A grease composition B was prepared in accordance with the present invention, having the following composition: 11%wt of polypropylene, 79%wt mineral oil, and 10%wt of the same metal-based soap as used in Example 1, based on total weight of the grease composition. This grease composition was produced by mixing the polypropylene and the mineral oil at a temperature of 195°C, and quenching the mixture so obtained in 20 seconds to a temperature of 23°C (ambient temperature). The bismuth hydroxyl stearate was added to the base grease so obtained during the milling which was carried out with a 3-roll mill. The performance of this grease composition in terms of mechanical stability and anti-wear properties is shown in Tables 1 and 2.

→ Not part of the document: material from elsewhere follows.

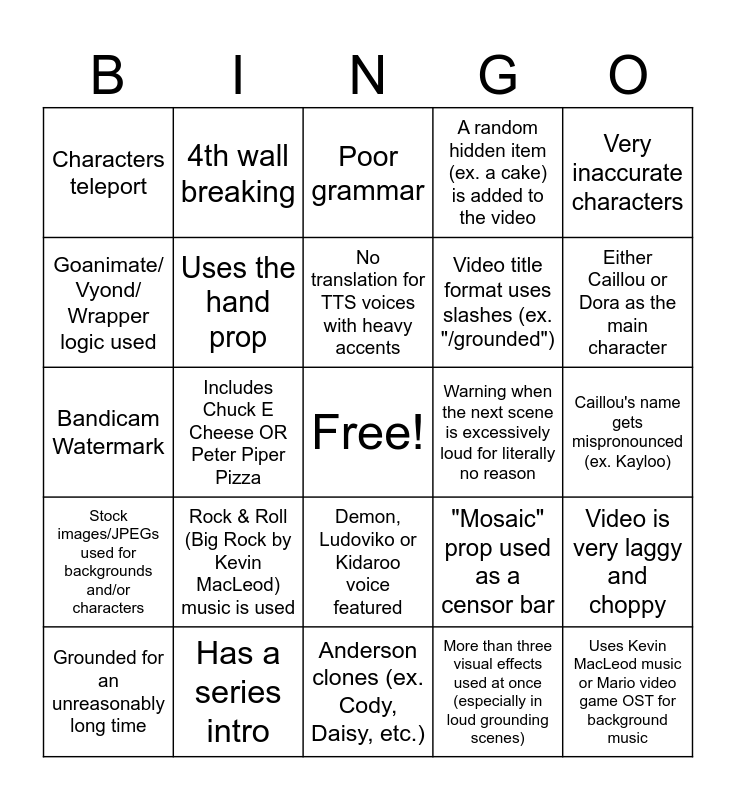 This bingo card has a free space and 24 words: Rock & Roll (Big Rock by Kevin MacLeod) music is used, Has a series intro, No translation for TTS voices with heavy accents, Grounded for an unreasonably long time, Very inaccurate characters, Characters teleport, Goanimate/ Vyond/ Wrapper logic used, 4th wall breaking, Warning when the next scene is excessively loud for literally no reason, Demon, Ludoviko or Kidaroo voice featured, Video title format uses slashes (ex. "/grounded"), Bandicam Watermark, "Mosaic" prop used as a censor bar, Video is very laggy and choppy, Uses the hand prop, More than three visual effects used at once (especially in loud grounding scenes), Caillou's name gets mispronounced (ex. Kayloo), Poor grammar, Either Caillou or Dora as the main character, Includes Chuck E Cheese OR Peter Piper Pizza, Uses Kevin MacLeod music or Mario video game OST for background music, Stock images/JPEGs used for backgrounds and/or characters, A random hidden item (ex. a cake) is added to the video and Anderson clones (ex. Cody, Daisy, etc.).

Example 3 (Comparative example)

A grease composition C was prepared having the following composition: 12%wt polypropylene, 1%wt anti-oxidant, 6%wt anti-corrosion and anti-wear additives, and 81%wt mineral oil, based on total weight of the grease composition. This grease composition was produced by mixing the polypropylene, and the mineral oil at a temperature of 195°C, and quenching the mixture so obtained in 20 seconds to a temperature of 23°C (room temperature). The anti-oxidant, anti-corrosion, and anti-wear additives were added to the base grease so obtained during the milling which was carried out with a 3-roll mill.
The performance of this grease composition in terms of mechanical stability and anti-wear properties is shown in Tables 1 and 2.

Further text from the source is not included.